In the data below, set down exactly the lines from the one containing "blue cotton blend asymmetric t-shirt" up to and including the one containing "Kadın Mavi Yaprak". Leave the pictures out.
### Entries provided ###
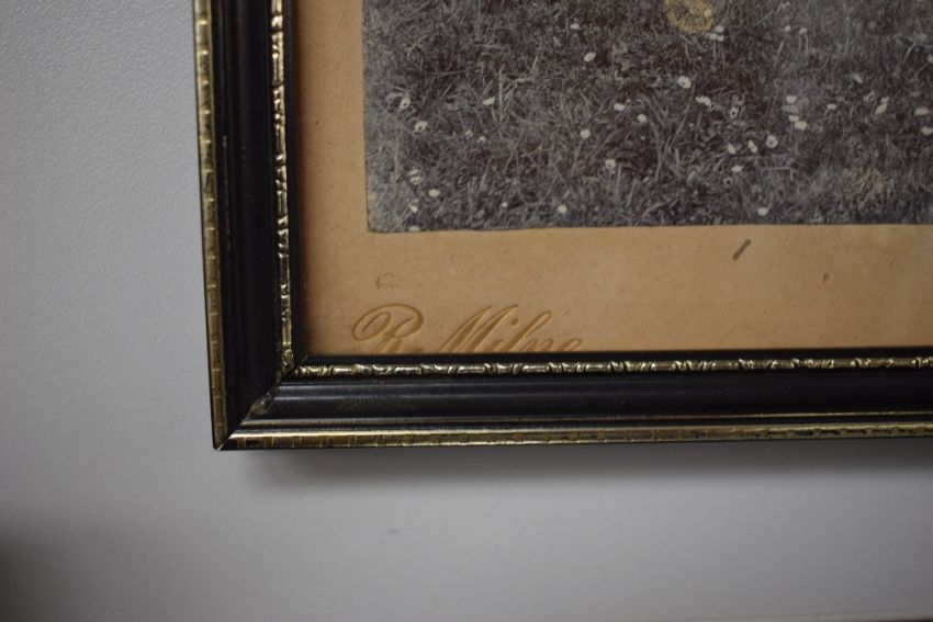 After Robert Milne (British 1865 - 1952) Monochromatic photographic print of Queen Victoria alongside Princess Helena Victoria of Schleswig-Holstein, Princess Marie of Baden Princess of Leiningen, Princess Victoria of Wales, Princess Henry of Prussia, Prince Waldemar of Prussia, Prince Sigismund of Prussia and Prince Maurice of Battenberg, royal crest to margin centre and embossed photographers signature left, signed by Queen Victoria and all royals present verso along with location and date 'Balmoral June 14 1898', in a moulded frame, under glass 28cm x 21.5cm & 32cm x 26cm overall, frame loose at top.
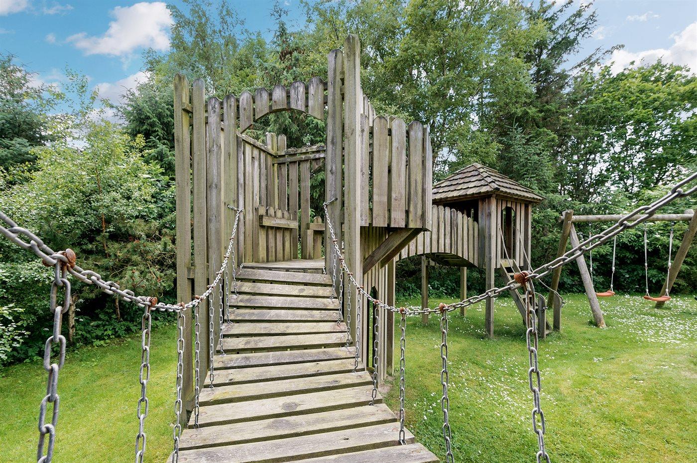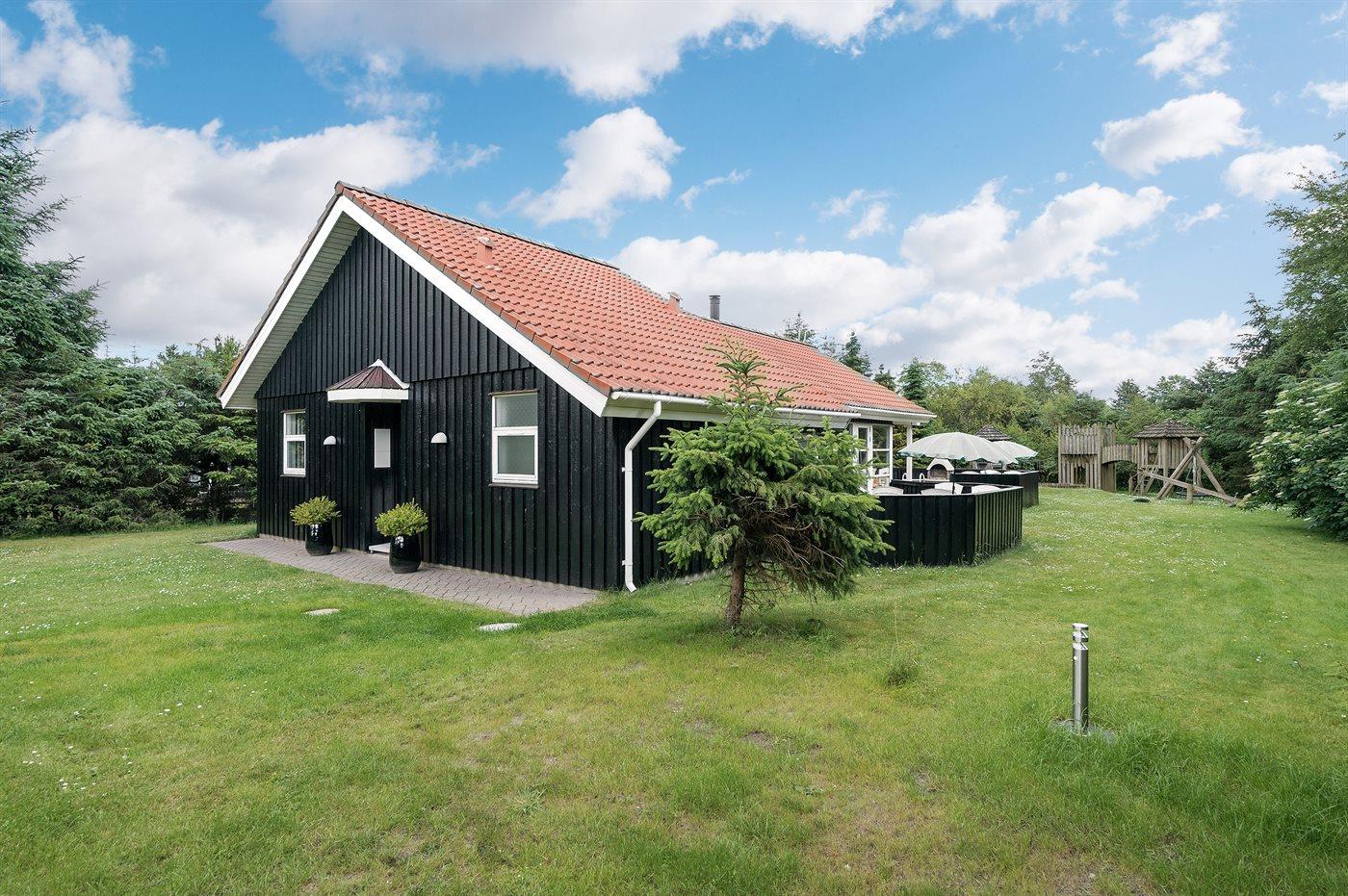 Sommerhus ved skov og strand med spa og legeplads
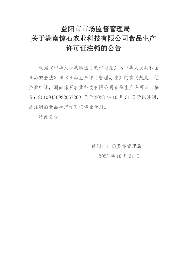 | 关于湖南惊石农业科技有限公司食品生产许可证注销的公告 |
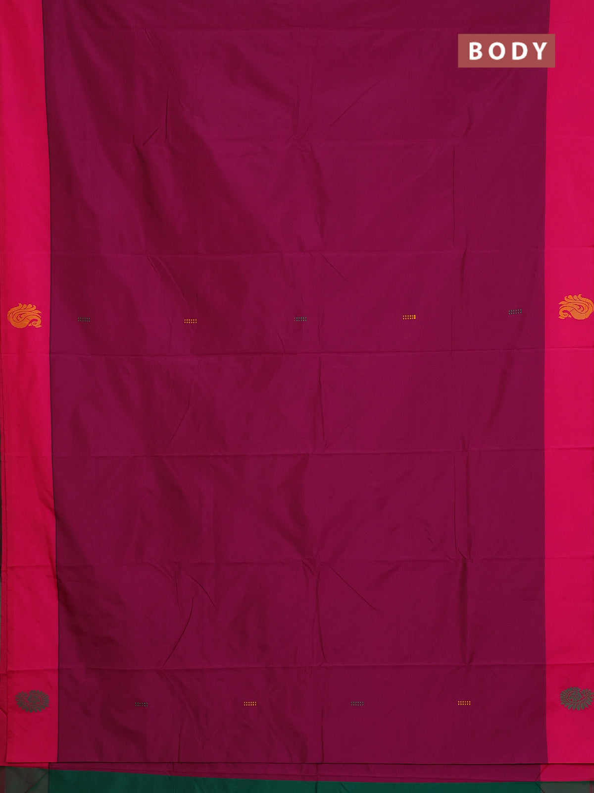 Arani semi silk saree magenta pink and dual shade of green with thread woven buttas and thread woven butta border
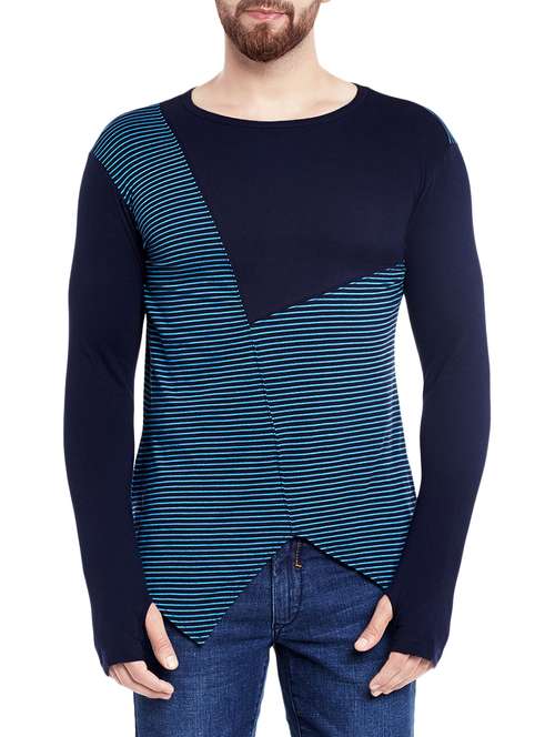 blue cotton blend asymmetric t-shirt
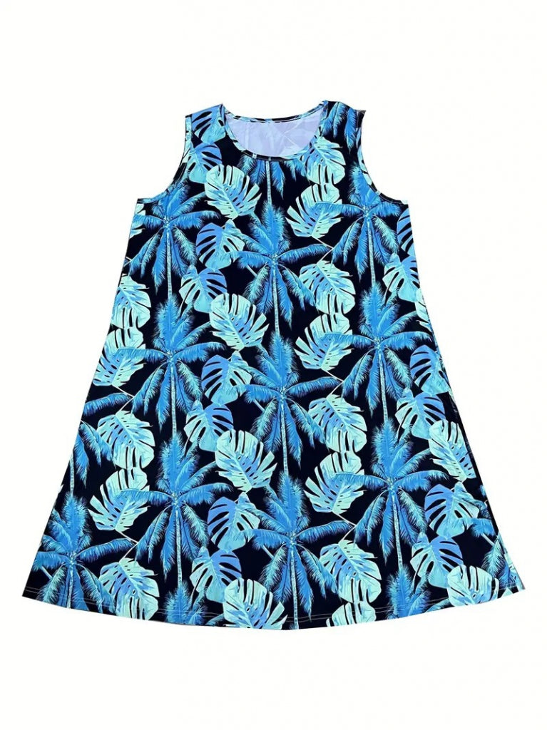 Kadın Mavi Yaprak Baskılı Askılı Süprem Elbise
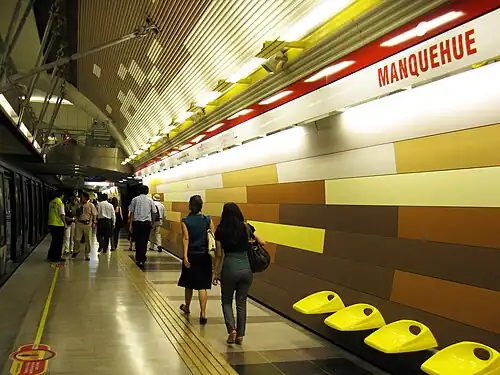 Manquehue is an underground metro station on the Line 1 of the Santiago Metro, in Santiago, Chile. It is part of the 3.8 kilometres (2.4 mi) eastern extension of the Line 1.[2] The station was opened on 7 January 2010 as part of the extension of the line from Escuela Militar to Los Dominicos,[3]
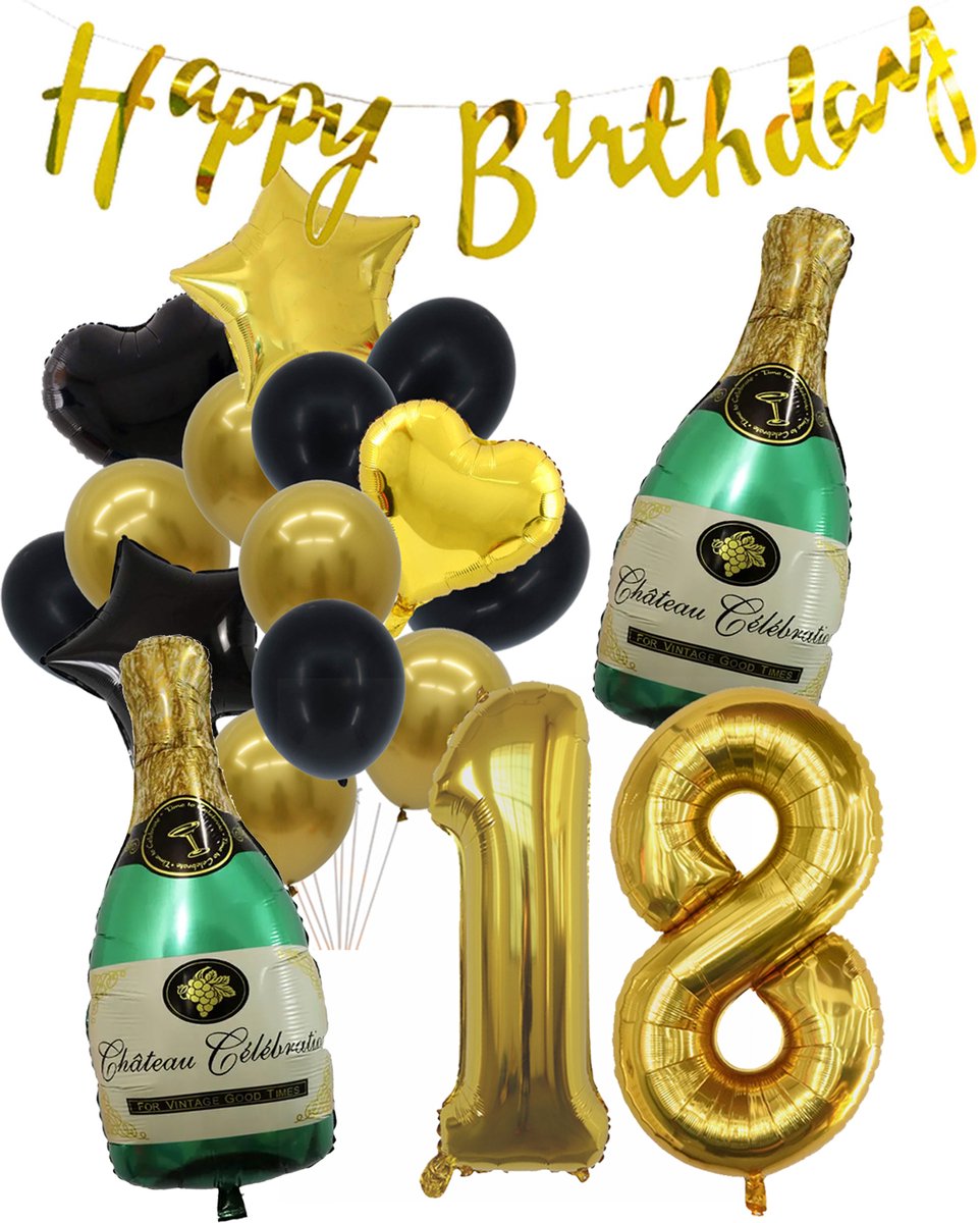 18 Jaar Verjaardag Cijferballon 18 – Feestpakket Snoes Ballonnen Pop The Bottles – Zwart Goud Groen Versiering
###
### Result for this task
 blue cotton blend asymmetric t-shirt
 Kadın Mavi Yaprak Baskılı Askılı Süprem Elbise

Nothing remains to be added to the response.